What you are asked to do: Unless it is a picture, every line from the start of the entries through the line with "可以看到,我将加速度计的量程" must be retyped exactly.

Entries taken from a collection:

◆ ◆ ◆

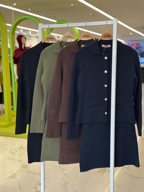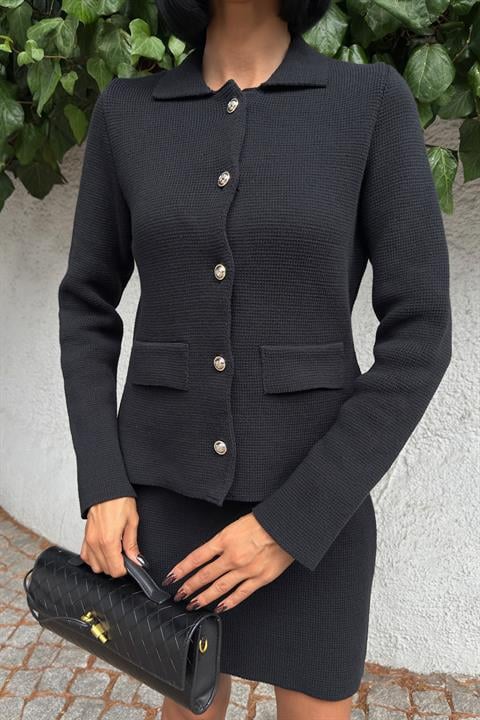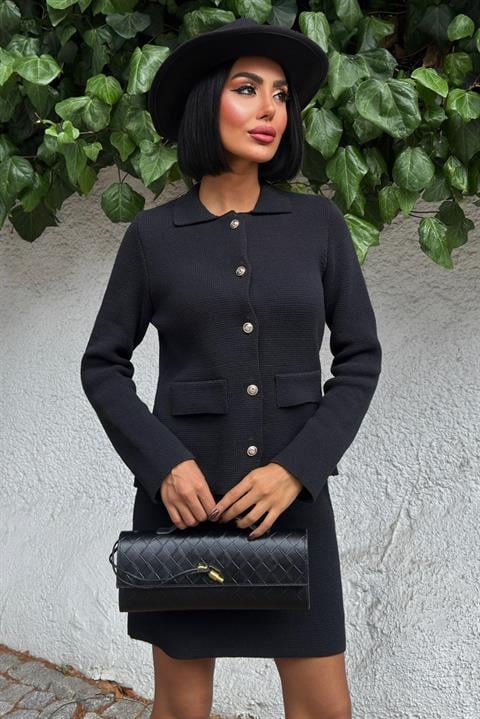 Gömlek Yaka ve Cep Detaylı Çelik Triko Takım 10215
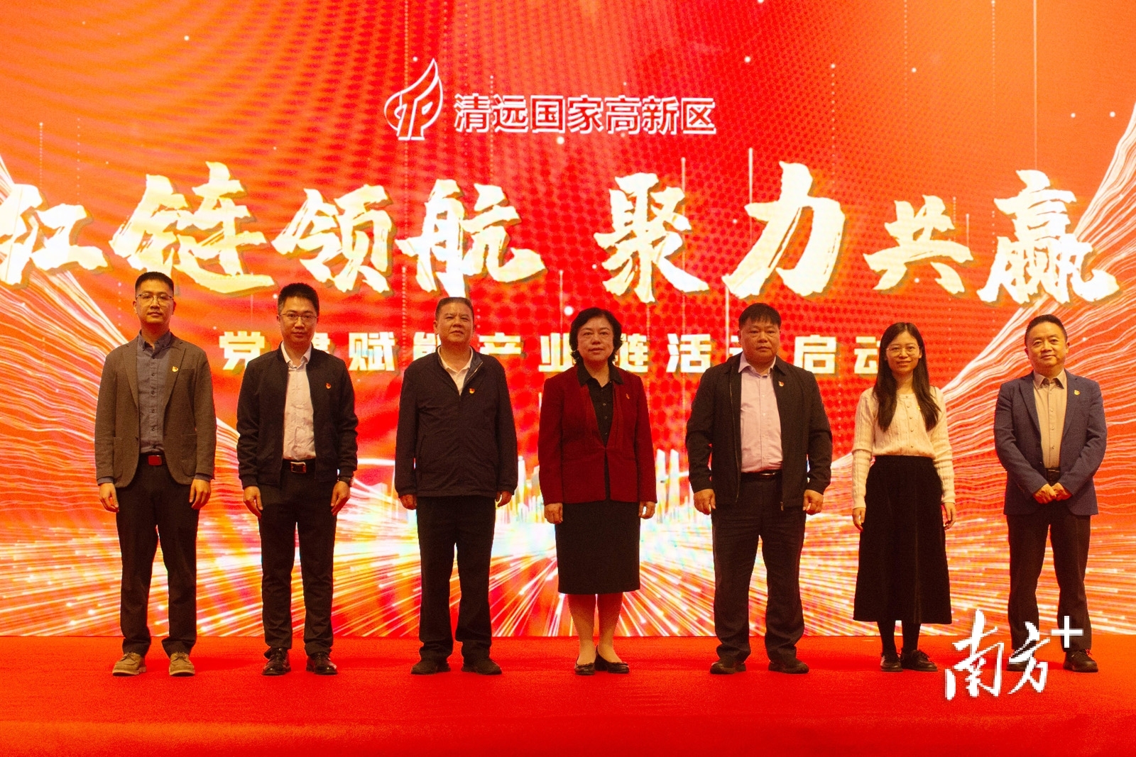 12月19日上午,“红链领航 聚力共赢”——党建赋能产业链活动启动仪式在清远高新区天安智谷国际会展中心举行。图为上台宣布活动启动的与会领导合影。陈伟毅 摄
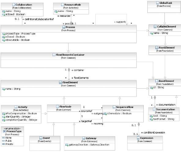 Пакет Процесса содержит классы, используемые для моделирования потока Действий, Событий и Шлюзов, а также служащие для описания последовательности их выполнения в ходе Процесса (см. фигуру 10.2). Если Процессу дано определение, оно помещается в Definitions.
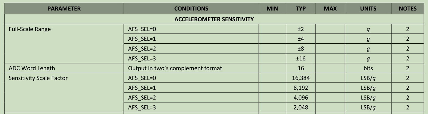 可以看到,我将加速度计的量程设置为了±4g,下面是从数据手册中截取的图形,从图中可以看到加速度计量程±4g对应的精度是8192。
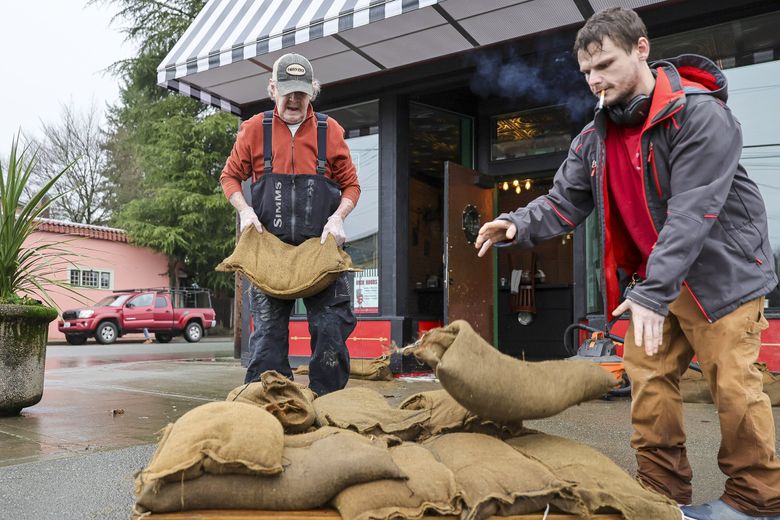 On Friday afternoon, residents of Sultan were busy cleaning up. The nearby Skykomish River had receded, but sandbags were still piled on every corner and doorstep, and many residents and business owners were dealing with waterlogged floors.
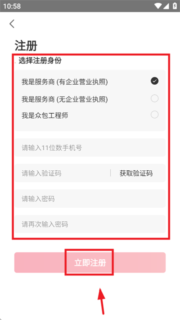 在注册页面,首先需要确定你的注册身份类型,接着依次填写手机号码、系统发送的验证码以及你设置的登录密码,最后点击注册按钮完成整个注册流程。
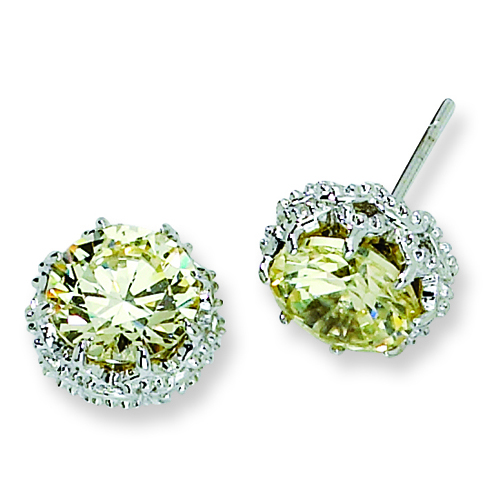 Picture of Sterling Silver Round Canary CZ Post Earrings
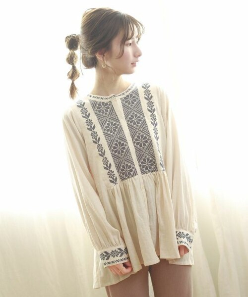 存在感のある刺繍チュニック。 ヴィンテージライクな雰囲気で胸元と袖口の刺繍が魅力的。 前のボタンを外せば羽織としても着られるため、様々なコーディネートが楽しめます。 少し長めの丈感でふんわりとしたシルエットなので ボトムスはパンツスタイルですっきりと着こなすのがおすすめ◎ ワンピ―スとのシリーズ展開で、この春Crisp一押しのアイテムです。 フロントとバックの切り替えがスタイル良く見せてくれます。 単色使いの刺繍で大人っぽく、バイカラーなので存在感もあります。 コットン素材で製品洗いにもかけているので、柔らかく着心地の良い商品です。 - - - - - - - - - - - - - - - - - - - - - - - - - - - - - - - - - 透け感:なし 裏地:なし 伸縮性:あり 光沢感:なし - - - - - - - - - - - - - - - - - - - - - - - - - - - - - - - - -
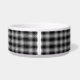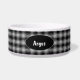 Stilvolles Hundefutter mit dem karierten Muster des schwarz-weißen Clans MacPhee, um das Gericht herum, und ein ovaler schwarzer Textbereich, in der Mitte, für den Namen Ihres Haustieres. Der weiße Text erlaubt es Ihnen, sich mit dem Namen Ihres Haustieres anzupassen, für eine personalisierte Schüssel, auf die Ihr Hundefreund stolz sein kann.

◆ ◆ ◆

Written solution:
 Gömlek Yaka ve Cep Detaylı Çelik Triko Takım 10215
 12月19日上午,“红链领航 聚力共赢”——党建赋能产业链活动启动仪式在清远高新区天安智谷国际会展中心举行。图为上台宣布活动启动的与会领导合影。陈伟毅 摄
 Пакет Процесса содержит классы, используемые для моделирования потока Действий, Событий и Шлюзов, а также служащие для описания последовательности их выполнения в ходе Процесса (см. фигуру 10.2). Если Процессу дано определение, оно помещается в Definitions.
 可以看到,我将加速度计的量程设置为了±4g,下面是从数据手册中截取的图形,从图中可以看到加速度计量程±4g对应的精度是8192。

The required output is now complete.